--- MATERIAL FOR THE TASK ---
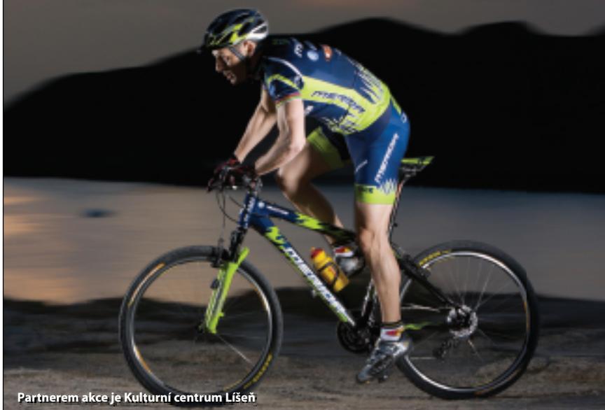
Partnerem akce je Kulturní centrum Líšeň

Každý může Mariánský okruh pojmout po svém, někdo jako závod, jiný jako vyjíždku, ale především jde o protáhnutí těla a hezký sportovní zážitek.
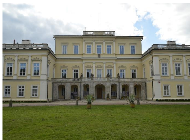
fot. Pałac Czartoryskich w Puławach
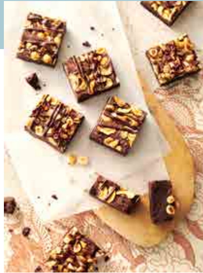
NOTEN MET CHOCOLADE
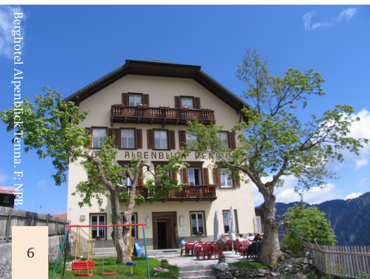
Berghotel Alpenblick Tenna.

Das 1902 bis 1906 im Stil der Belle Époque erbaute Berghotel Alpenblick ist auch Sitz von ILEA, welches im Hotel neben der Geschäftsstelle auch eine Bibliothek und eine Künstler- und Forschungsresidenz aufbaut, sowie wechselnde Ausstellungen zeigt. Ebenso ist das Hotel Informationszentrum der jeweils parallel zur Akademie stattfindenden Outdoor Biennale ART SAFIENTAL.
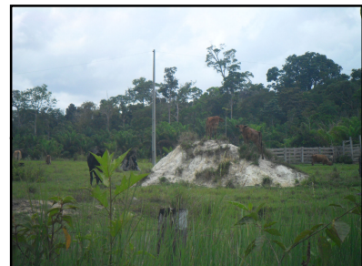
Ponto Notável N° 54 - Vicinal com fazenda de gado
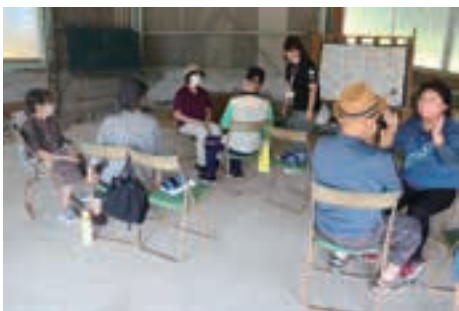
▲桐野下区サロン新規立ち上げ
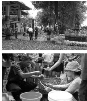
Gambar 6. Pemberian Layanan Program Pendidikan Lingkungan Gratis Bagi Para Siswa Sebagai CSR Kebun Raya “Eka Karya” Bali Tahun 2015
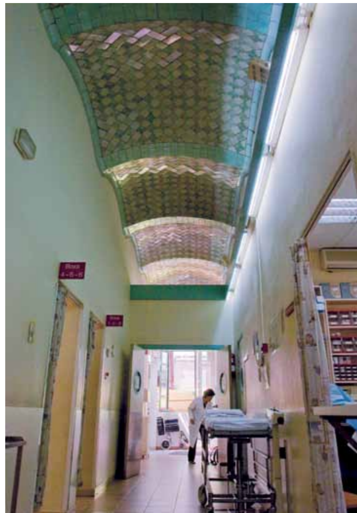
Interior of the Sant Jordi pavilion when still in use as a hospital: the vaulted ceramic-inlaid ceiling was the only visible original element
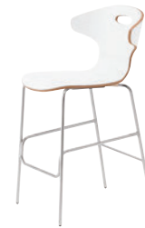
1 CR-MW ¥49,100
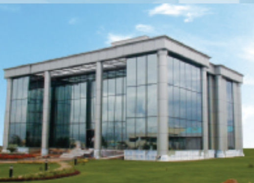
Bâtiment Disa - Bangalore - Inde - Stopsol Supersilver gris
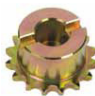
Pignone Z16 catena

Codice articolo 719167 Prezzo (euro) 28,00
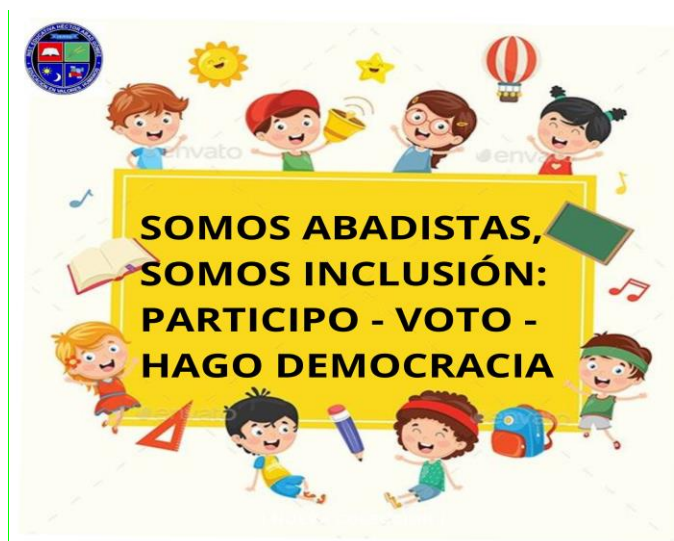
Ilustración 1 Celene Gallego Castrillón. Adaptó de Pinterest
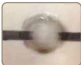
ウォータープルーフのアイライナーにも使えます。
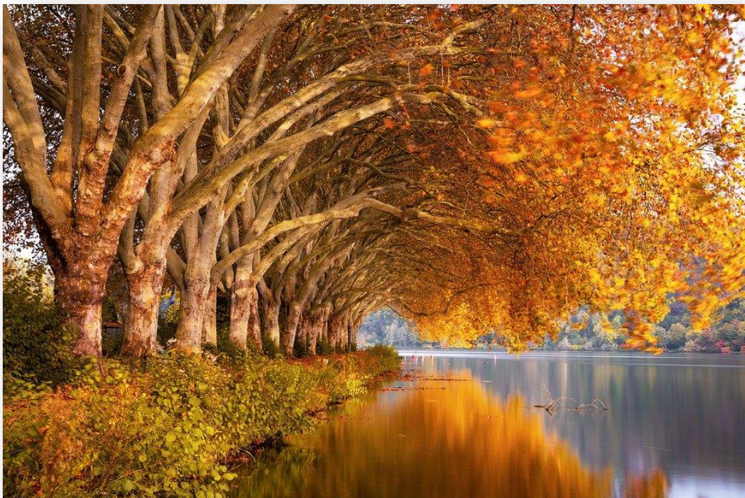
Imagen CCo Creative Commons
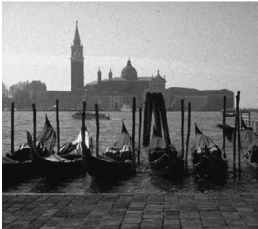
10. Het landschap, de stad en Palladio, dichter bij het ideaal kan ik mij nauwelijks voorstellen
---
Keep to the lines above from the line with "Gambar 6. Pemberian" to the line with "1 CR-MW ¥49,100", and set down exactly those, inclusive, with nothing else and every picture left out.

__SOLUTION__
Gambar 6. Pemberian Layanan Program Pendidikan Lingkungan Gratis Bagi Para Siswa Sebagai CSR Kebun Raya “Eka Karya” Bali Tahun 2015
Interior of the Sant Jordi pavilion when still in use as a hospital: the vaulted ceramic-inlaid ceiling was the only visible original element
1 CR-MW ¥49,100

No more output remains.